Dans son rapport de mi-année sur la lutte antipaludéenne, l’Organisation mondiale de la santé (OMS) dresse un bilan contrastée de la situation en Afrique subsaharienne, région qui concentre plus de 90 % des cas mondiaux de paludisme. Si des avancées réelles ont été enregistrées grâce à la vaccination et aux moustiquaires impregnées, plusieurs signaux d’alarme fragilisent ces acquis.
Des résistances aux insecticides en progression inquiétante
L’OMS signale une montée des résistances du moustique Anopheles aux insecticides de dernière génération dans plusieurs pays d’Afrique de l’Ouest et centrale. Cette évolution génétique, amplifiée par un usage excessif des insecticides agricoles, réduit l’efficacité des moustiquaires impregnées à longue durée d’action (MILDA), pierre angulaire de la lutte antipaludéenne depuis deux décennies. L’institution onusienne appelle à diversifier les outils de lutte vectorielle et à accélérer le déploiement des moustiquaires de nouvelle génération associant deux principes actifs.

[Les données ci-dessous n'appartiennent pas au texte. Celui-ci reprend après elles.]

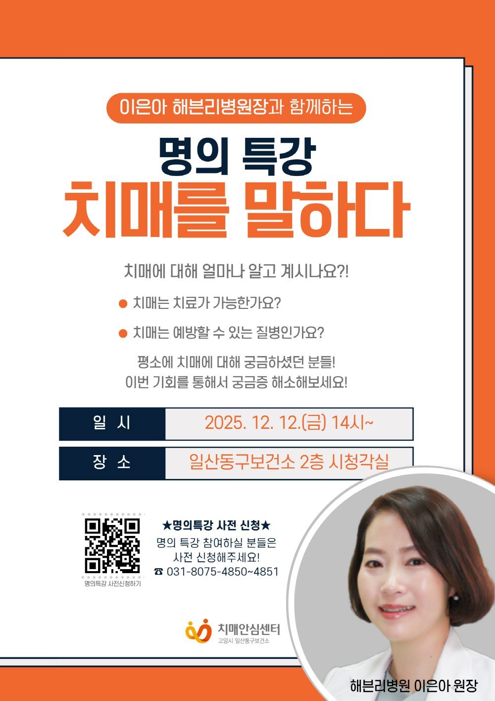 이번 명의 특강 ‘치매를 말하다’는 12일, 일산동구보건소 시청각실에서 14시부터 진행되며, 사전 접수를 통해 참가 신청을 받는다.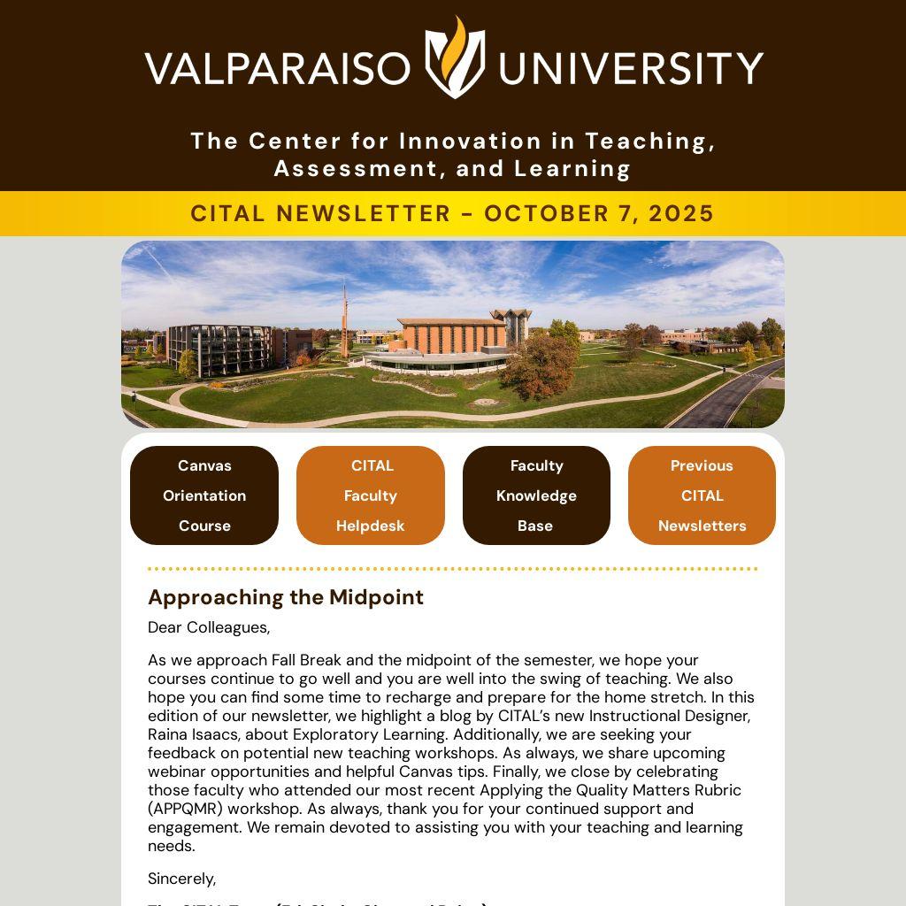 As we approach Fall Break and the midpoint of the semester, we hope your courses continue to go well and you are well into the swing of teaching. We also hope you can find some time to recharge and prepare for the home stretch. In this edition of our newsletter, we highlight a blog by CITAL’s new Instructional Designer, Raina Isaacs, about Exploratory Learning. Additionally, we are seeking your feedback on potential new teaching workshops. As always, we share upcoming webinar opportunities and helpful Canvas tips. Finally, we close by celebrating those faculty who attended our most recent Applying the Quality Matters Rubric (APPQMR) workshop. As always, thank you for your continued support and engagement. We remain devoted to assisting you with your teaching and learning needs.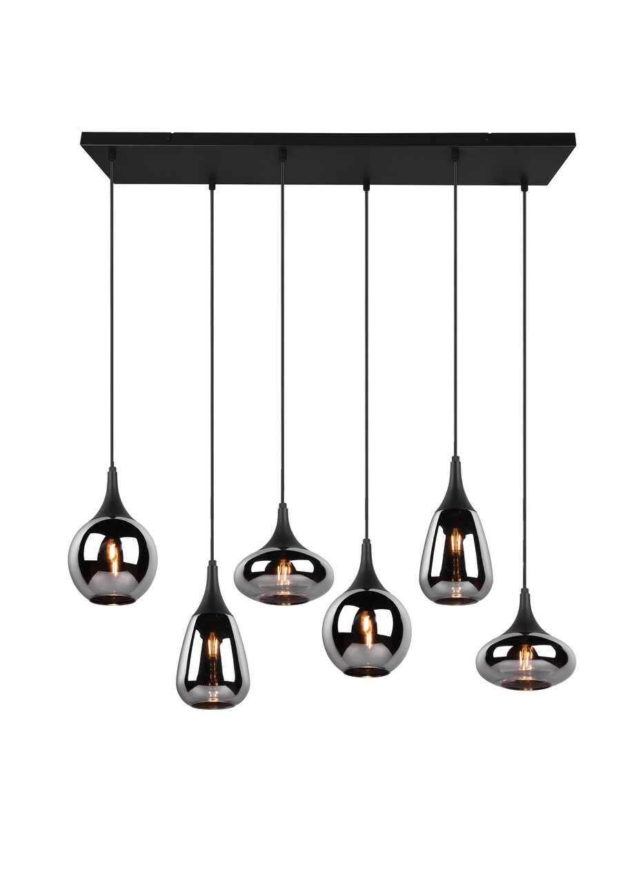 Lustra Lumina, TRIO, 85x20x150 cm, 40W, 6x E14, metal, negru mat/argintiu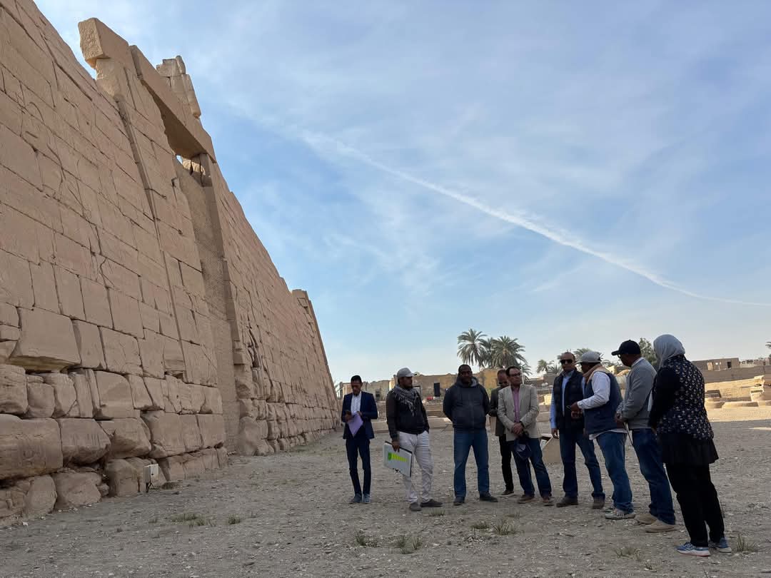 ومن جانبه قال الدكتور عبد الغفار وجدي مدير عام آثار الأقصر، أن البعثة بدأت في أعمال الحفائر العلمية حيث تم اختيار بعض الجسات الأثرية حول الصرح الأول، والتي تم الكشف بها عن أساسات الصرح الأول وأساسات حجرية للسور الخارجي للفناء الأول للصرح الأول، بالإضافة إلى الكشف عن بعض الكتل الحجرية المنقوشة والتي تمثل واجهة الصرح الأول وتوثيقها وتسجيلها.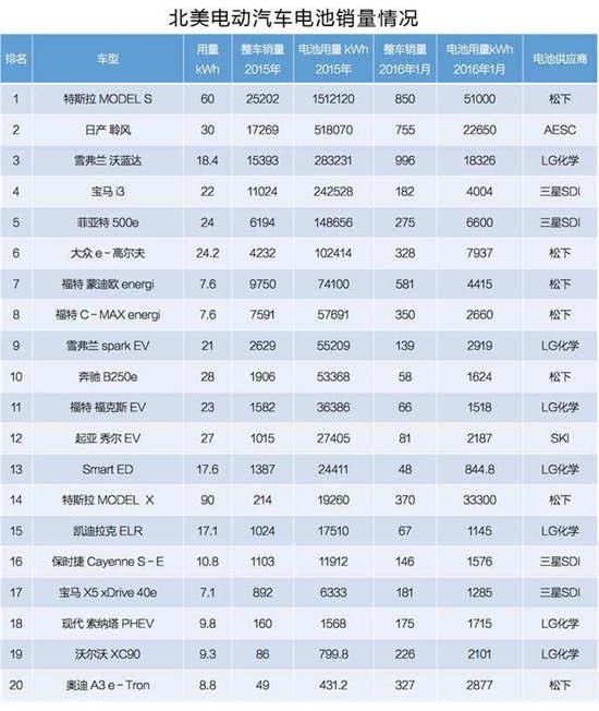 电动汽车将会是未来汽车发展的趋势之一,目前全球主流的汽车厂商都推出了相应的产品。2015年电动汽车全球销量仅有54.9万辆,相比传统汽车来说,电动汽车还有很大的增长空间。动力电池是电动汽车最重要的零部件,谁掌握了电池技术谁就能在电动汽车产业链中占据主动。最近北美网站公布了北美电动汽车(BEV纯电动/PHEV插电式混动)的销量情况,以及它们幕后的电池供应商。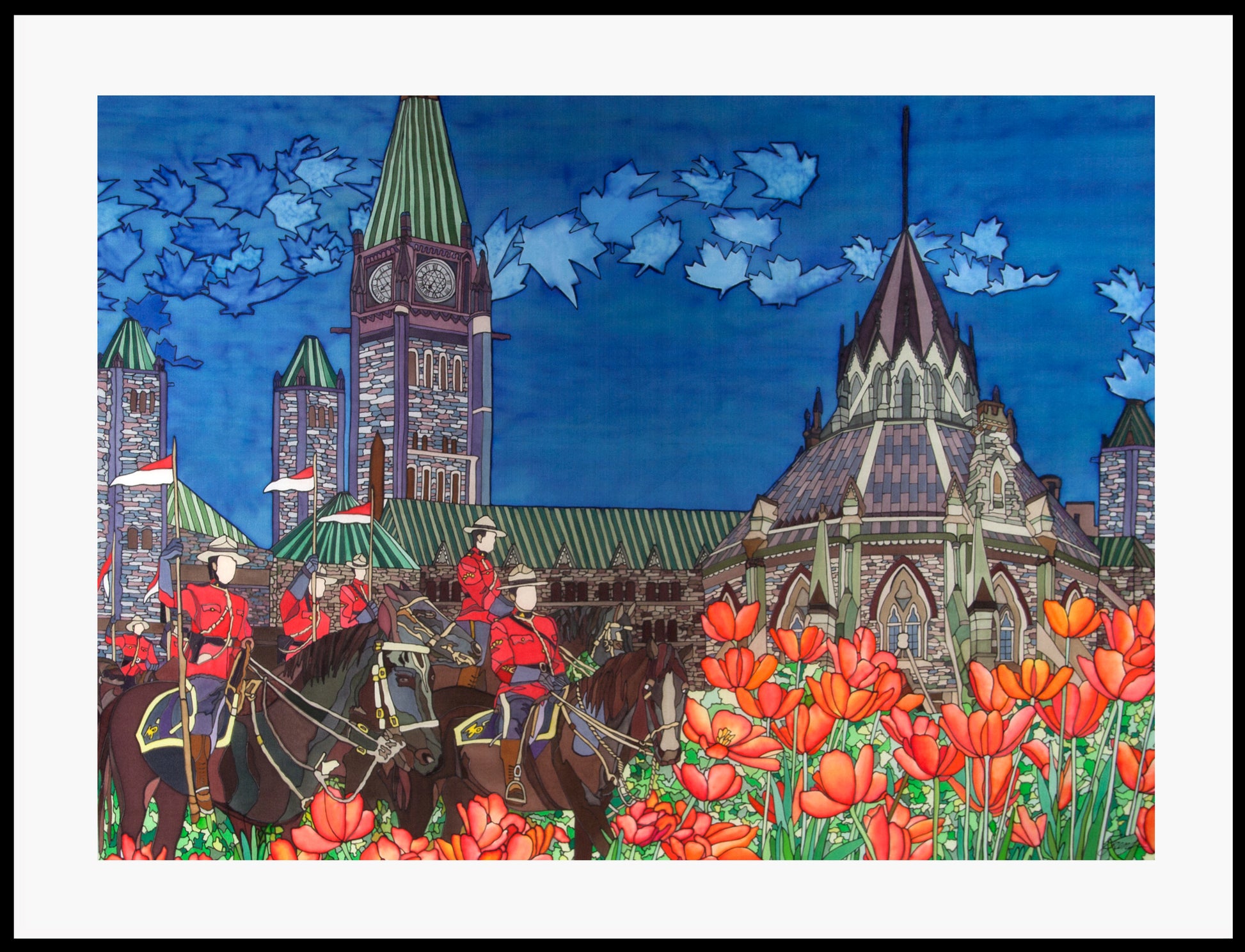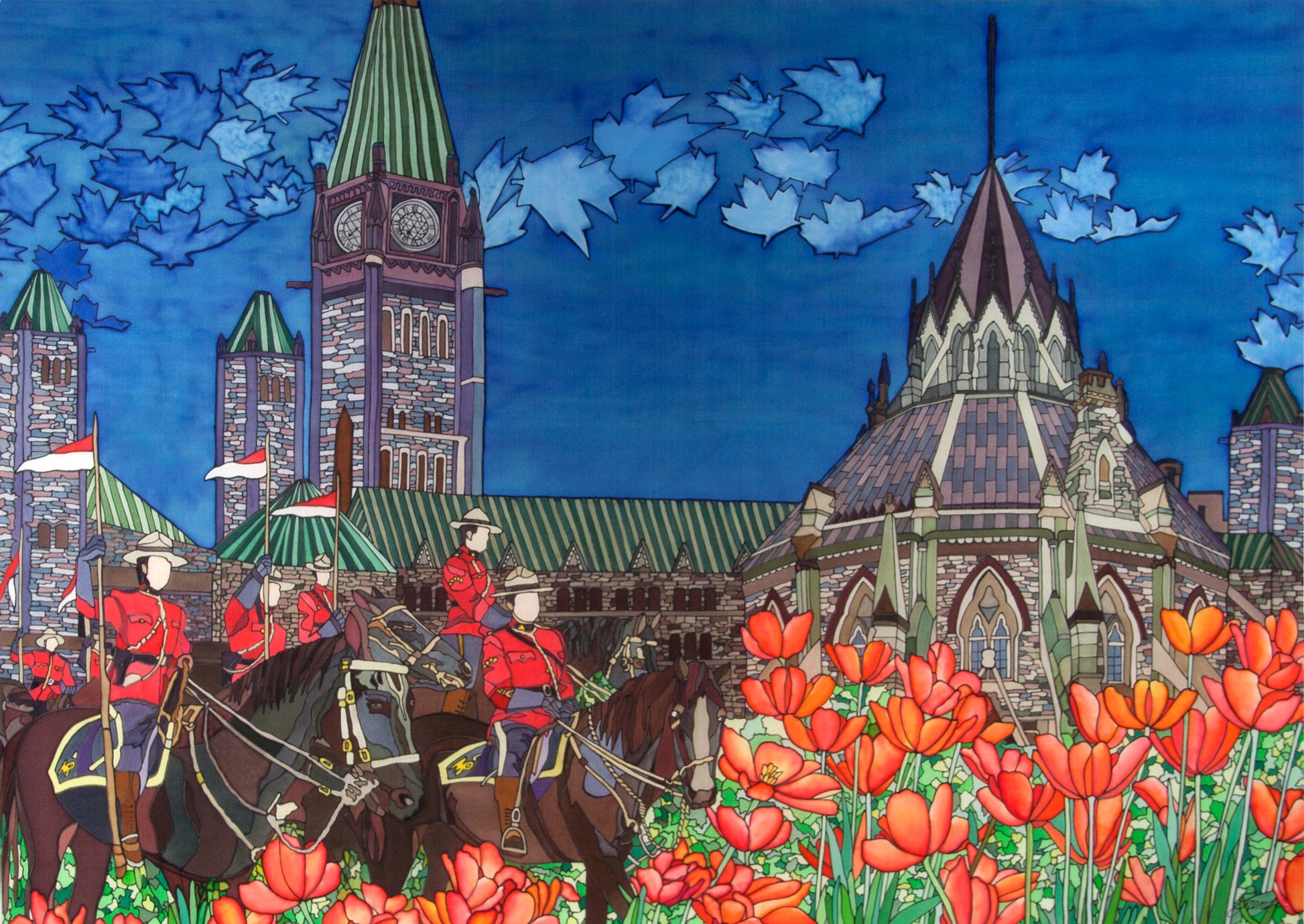 "Touch of Canada" refers to the vibrant celebrations and ceremonies held on Canada Day in Ottawa, the capital of the country. This significant event includes the parade of the Royal Canadian Mounted Police (RCMP). This silk painting is part of my memories from that day. The tulips around the Parliament Buildings symbolize those who courageously gave their lives for this land.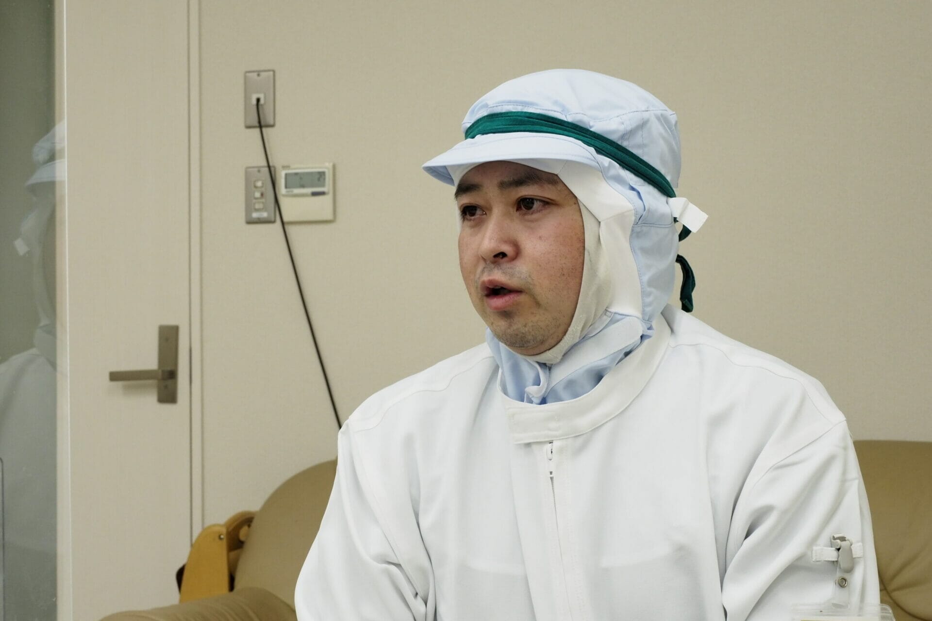 「仕上げ」の部署で、クリーム絞りなどを担当しています。ライン作業で流れてくる商品に、クリームを同じように絞ります。そのライン管理をすることも僕たち社員の仕事で、今50人のメンバーを見ています。判断を誤るとメンバーに迷惑がかかるので気を付けています。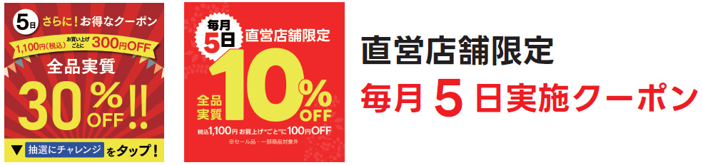 毎月5日にイベント開催しておりました以下のクーポンは、
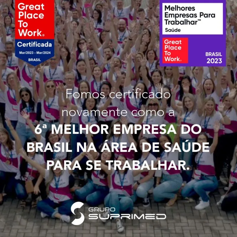 Recentemente, o @gruposuprimed recebeu a certificação GPTW, “Melhor Empresas para Trabalhar em 2023”.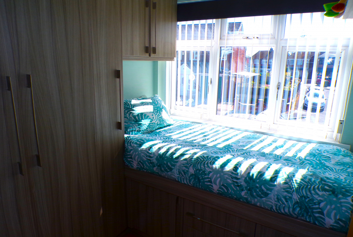 Bedroom 3 – 2.16m x 1.96m (7’1 x 6’5) – Front aspect. Fitted wardrobes & bed. Radiator.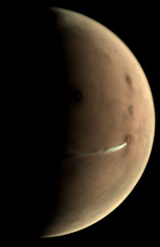 La sonda europea Mars Express sta osservando un’inusuale nube su Marte.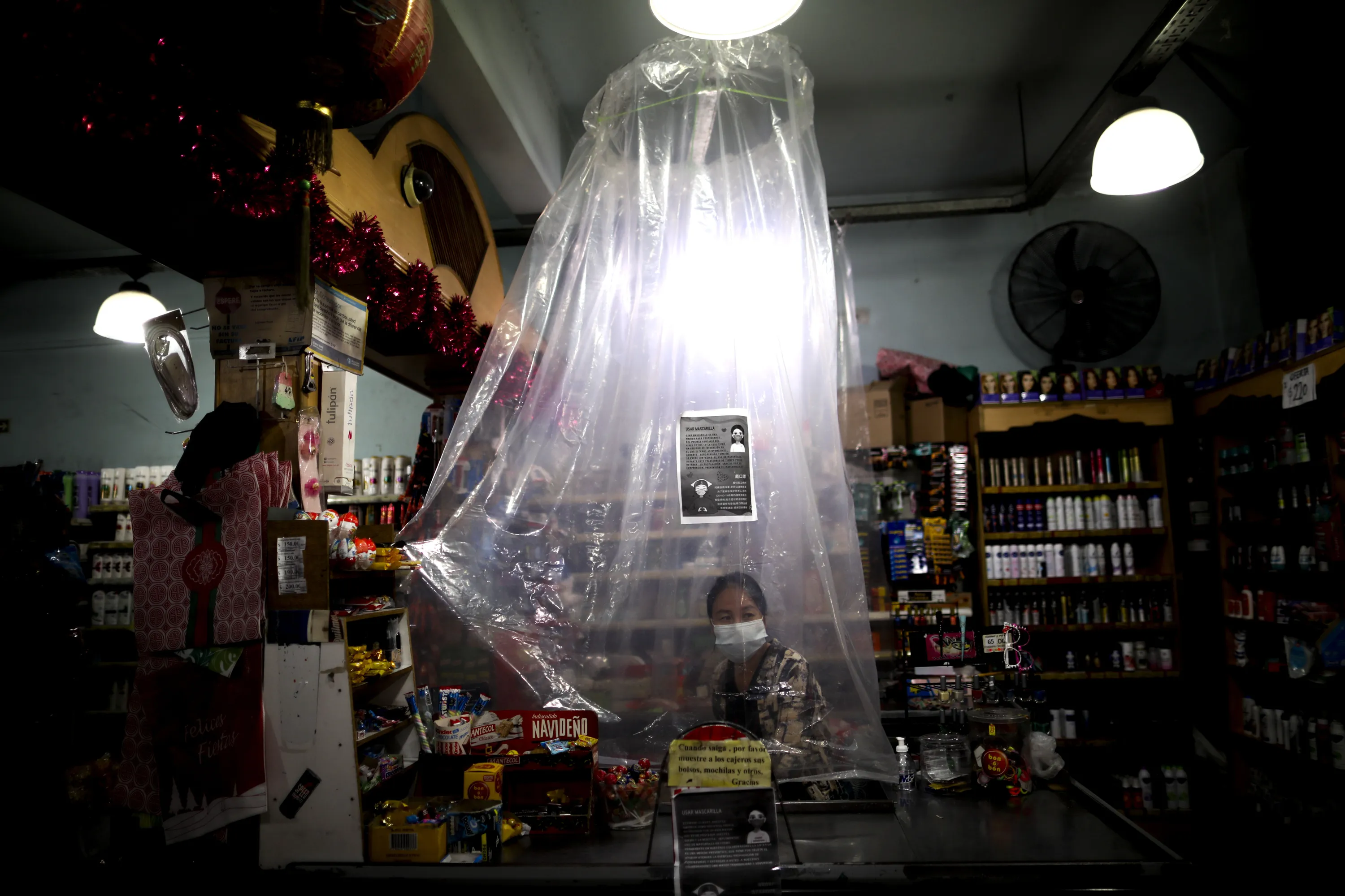 A supermarket cashier waits for costumers behind a makeshift plastic curtain as a precaution against the spread of the new coronavirus, in Buenos Aires, Argentina, Monday, March 16, 2020. (Photo by Natacha Pisarenko/AP Photo)
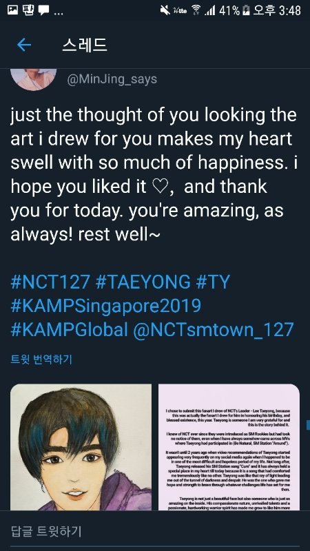 저는 언제나 밝게 별처럼 빛나는 태용이 많은 사람들에게 빛을 주고 힘을 주고 영감을 주길 바랍니다.그는 저의 위안을 주는 사람이자 저의 세상이고,행복이고,저의 집입니다.이태용은 제가 제일 좋아하는 #KAMPer artise이고 또 언제까지나 그러할겁니다.(하트)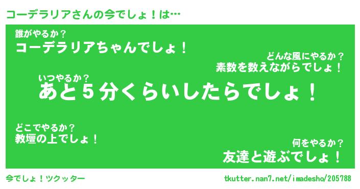 | ヒーロー風カッコイイあだ名 | 『スーパーコーデラリア』『天弓騎士コー』 |

Le vaccin RTS,S progresse mais ne suffit pas
Le déploiement à grande échelle du vaccin antipaludéen RTS,S (commercialisé sous le nom Mosquirix) se poursuit dans dix-sept pays africains. Les résultats montrent une réduction significative des cas graves chez l’enfant, mais le taux de couverture reste insuffisant dans les zones d’accès difficile. Les zones de conflit et d’insécurité, comme l’Extrême-Nord du Cameroun et le Sahel, cumulent une incidence élevée du paludisme et une couverture vaccinale inférieure à 40 %, créant des poches de vulnérabilité persistantes.
Un appel urgent au financement de la santé publique africaine
Le rapport de l’OMS souligne que les financements extérieurs dédiés à la lutte antipaludéenne stagnent depuis 2023, alors que les besoins augmentent. Le Fonds mondial, principal bailleur de la riposte paludisme-tuberculose-VIH sur le continent, appelle à un abondement urgent de ses réserves avant la période de haute transmission correspondant aux mois de juillet à octobre. L’OMS plaide également pour un renforcement de la capacité de production locale de médicaments antipaludéens en Afrique, condition de la souveraineté sanitaire du continent.